I Crashed My Cheating Husband's Empire on the Day I LeftChapter 1

I was four months pregnant when my husband, Tomasso Rossetti, brought another woman into our home. She was seven months along.

"Giovanna, Catarina was Fausto Volpe's wife. He's gone now, and she's got nothing. No protection, no family, no money. The code says we take her in. I owe Fausto that much." He touched the scar on his right palm without seeming to realize it. "Don't worry. It's only temporary. Once she's settled somewhere safe, she'll move on."

I was too soft-hearted to say no. I never imagined "temporary" would stretch into two months.

At first, I didn't think much of it. Fausto had taken a bullet for Tomasso during the Calabrese turf war. The old code of fratellanza demanded that a blood-sworn brother's widow be sheltered, fed, protected. It was sacred. I understood. Not until the night I got up to use the bathroom and stumbled onto a scene that stopped me cold.

My husband. And his dead brother's wife. Together by the window of the guest quarters, the curtains half-drawn, the compound grounds dark and silent beyond the glass.

Every drop of blood in my body turned to ice.

I stood outside that door for three full hours. The hallway was cold, the marble floor pulling heat from my bare feet until I couldn't feel them anymore. Down the corridor, a soldier on night rotation passed once, saw me standing there, and looked away. He knew. Of course he knew.
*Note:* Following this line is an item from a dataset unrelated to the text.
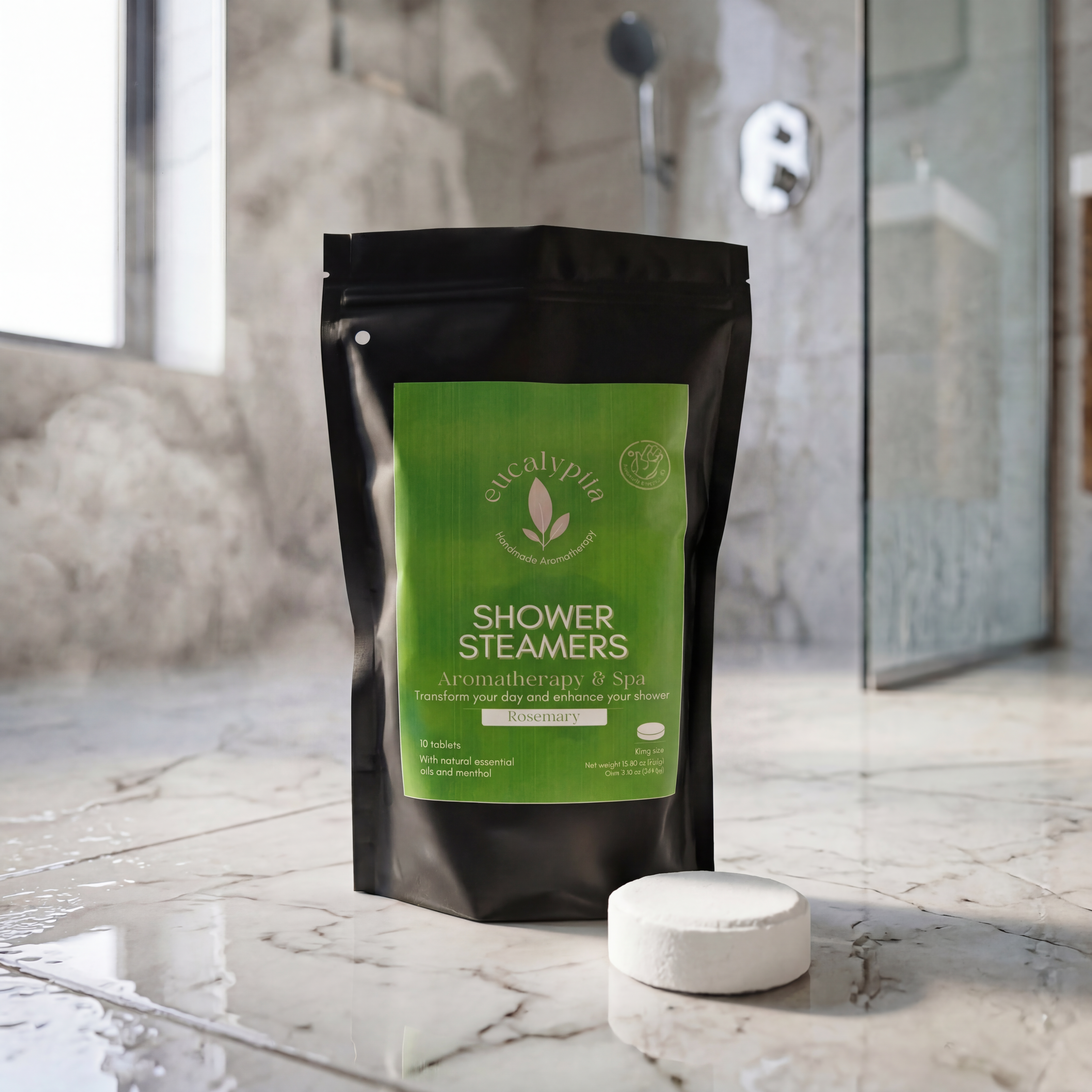 - Coloca una pastilla en el piso de la regadera, alejada del flujo directo del agua.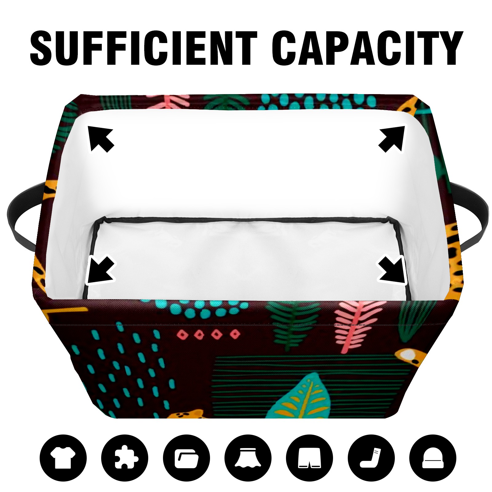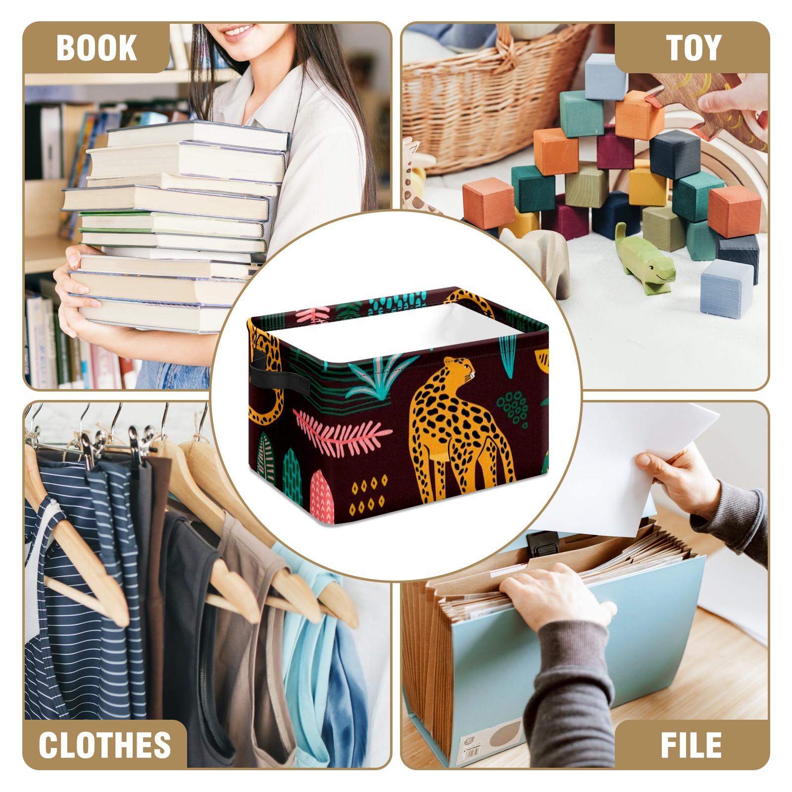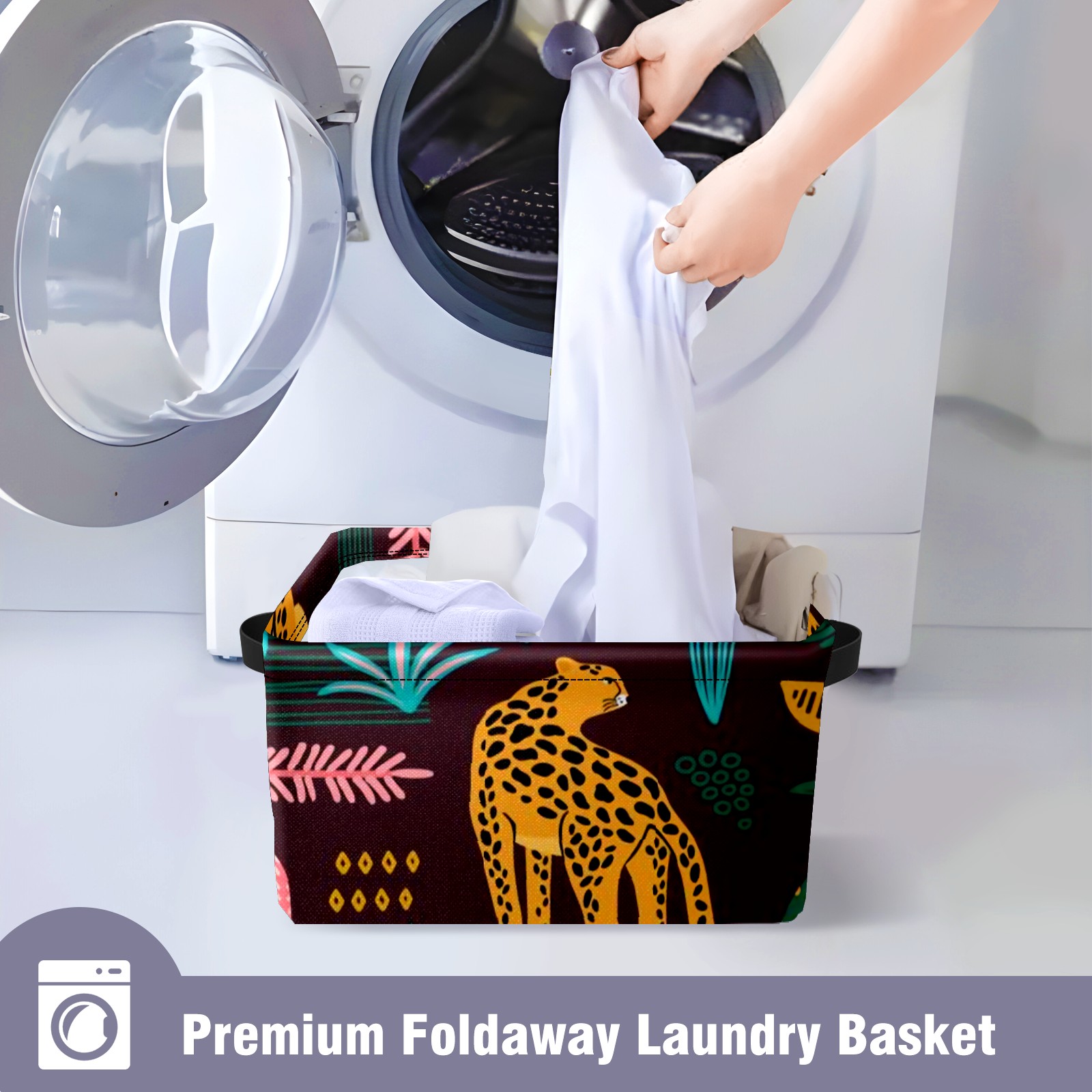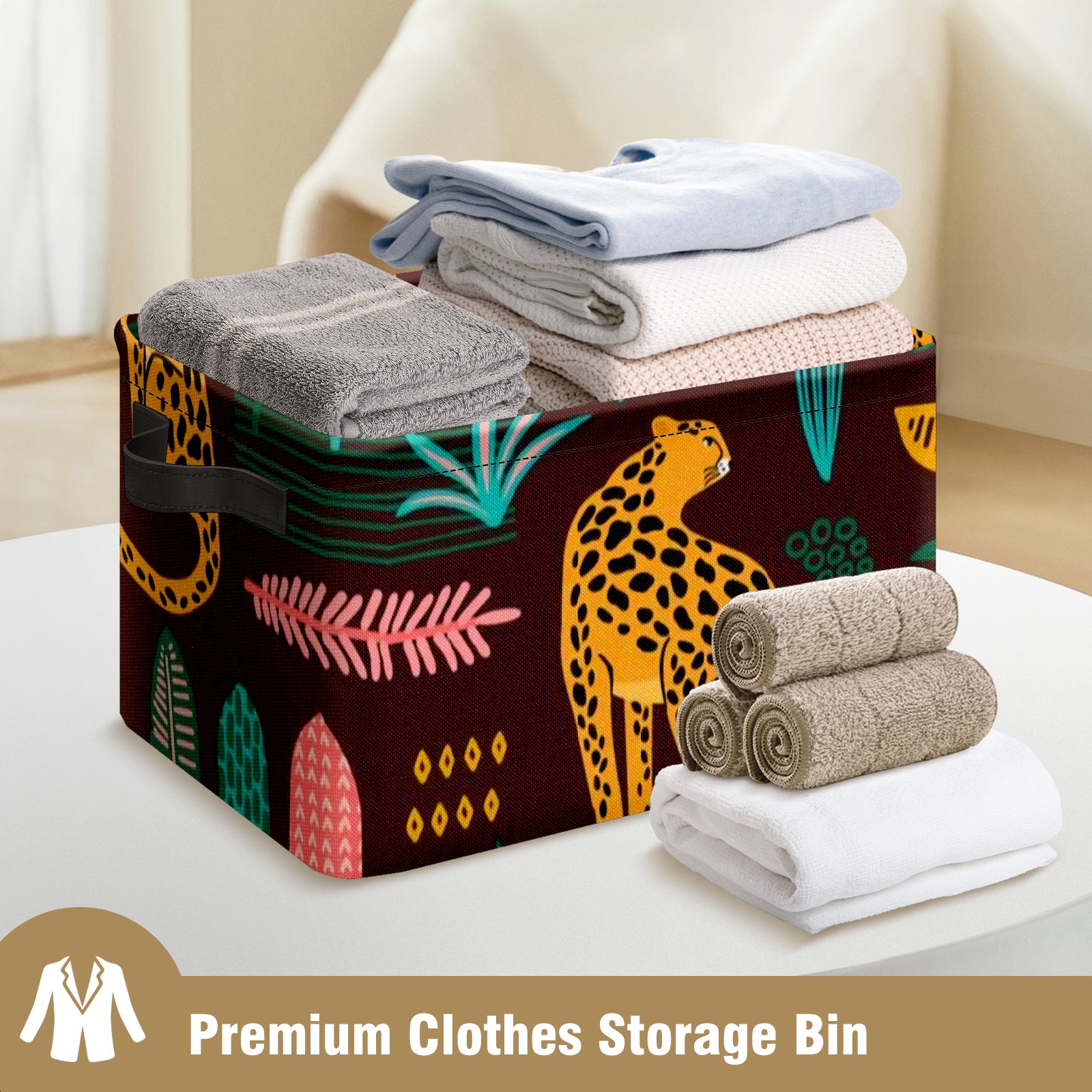 Collapsible 600D Oxford Storage Basket with Vestor-seamless-pattern-with-leopards-and-abstract-tropical-leaves-vector(noise_scale)(Level1)(x4.000000) - Metal Frame 10"x14"x8" Reinforced Handles, Multi-Purpose Organizer

In a house like this, the walls had ears and the soldiers had eyes, and every last one of them kept their mouths shut because that was the law. Omertà. Silence. Even when silence meant watching the Don's wife stand barefoot in a freezing hallway while her husband bedded another woman ten feet away.

In that time, they went at it three times.

Watching Tomasso's face twist with pleasure, over and over, I felt my heart being carved open with a blade, one slow cut after another. Each sound through that door was precise and unhurried, and I catalogued every one of them the way a consigliere catalogues debts. Not because I wanted to. Because my body wouldn't let me leave. My hands had gone to my stomach at some point, cradling the child growing there, and I stood like a woman turned to stone in the corridor of her own house while the man who swore a blood oath to protect her broke every vow that mattered.